PowerShell (Core) 7.0 introduced Bash-like && and || operators called pipeline-chain operators.

They will not be back-ported to Windows PowerShell, however, as the latter will generally see no new features.

In short, instead of:

do-cmd-one; if ($?) { do-cmd-two }

Note: Up to PowerShell 7.1, the more robust formulation is actually
do-cmd-one; if ($LASTEXITCODE -eq 0) { do-cmd-two }, for the reasons explained in this answer.

you can now write:

do-cmd-one && do-cmd-two

&& (AND) and || (OR) implicitly operate on each command's implied success status, as reflected in automatic Boolean variable $?.

This will likely be more useful with external programs, whose exit codes unambiguously imply whether $? is $true (exit code 0) or $false (any nonzero exit code).

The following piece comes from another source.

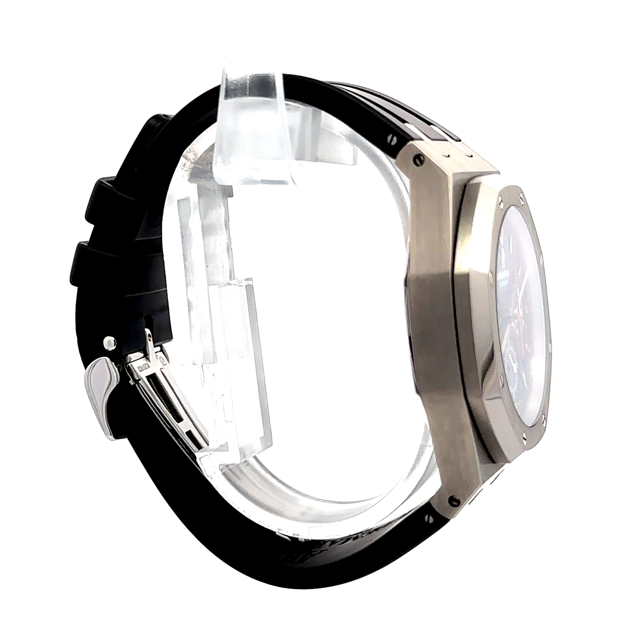 Audemars Piguet Royal Oak Offshore Chronograph reference 26138TI.OO.D002CR.01 is a striking and sporty timepiece crafted in lightweight yet durable titanium. Measuring 39mm in diameter, it features the iconic octagonal bezel secured by exposed hexagonal screws, a hallmark of the Royal Oak design. The bold black dial showcases the signature "Méga Tapisserie" pattern, complemented by contrasting sub-dials and vibrant red accents for the chronograph functions. A red central seconds hand adds a dynamic touch, while a discreet date window is positioned between 4 and 5 o'clock. Powered by a self-winding automatic movement, caliber 2385, it ensures reliable chronograph performance and precision. The watch is fitted with a robust black rubber strap, emphasizing its sporty character, and offers water resistance up to 100 meters.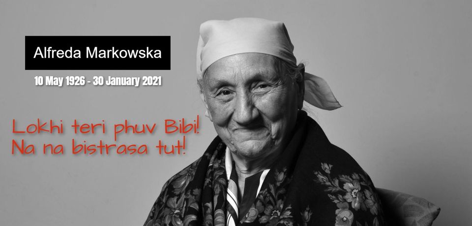 At the age of 94, Alfreda Markowska has passed away on 30 January 2021. She survived the Roma Holocaust during the Second World War and is a true Polish Romni Heroine, who saved more than fifty Romani and jewish children from from death at the hands of the Nazis. She was born on 10 May 1926 in a Polska Roma tabor (mobile camp) to a traveling family in today’s Poland. She was the only survivor of the murder of her whole family, including her parents and siblings, by the Nazis in 1941. in this single massacre near Biała Podlaska between 65 to 85 members of her extended family were murdered.…

By contrast, for PowerShell commands (cmdlets) $? just reflects whether the command failed as a whole (a statement-terminating error occurred) or whether at least one non-terminating error was reported; the latter doesn't necessarily indicate overall failure.
However, there are plans to allow PowerShell commands to set $? directly, as a deliberate overall-success indicator.

Also note that the following do not work with && and ||:

  • PowerShell's Test-* cmdlets, because they signal the test result by outputting a Boolean rather than by setting $?; e.g.,
    Test-Path $somePath || Write-Warning "File missing" wouldn't work.

  • Boolean expressions, for the same reason; e.g.,
    $files.Count -gt 0 || write-warning 'No files found' wouldn't work.

See this answer for background information, and the discussion in GitHub issue #10917.


There's a syntax caveat: As of this writing, the following will not work:

do-cmd-one || exit 1 # !! Currently does NOT work

Instead, you're forced to wrap exit / return / throw statements in $(...), the so-called subexpression operator:

do-cmd-one || $(exit 1) # Note the need for $(...)

GitHub issue #10967 discusses the reasons for this awkward requirement, which are rooted in the fundamentals of PowerShell's grammar.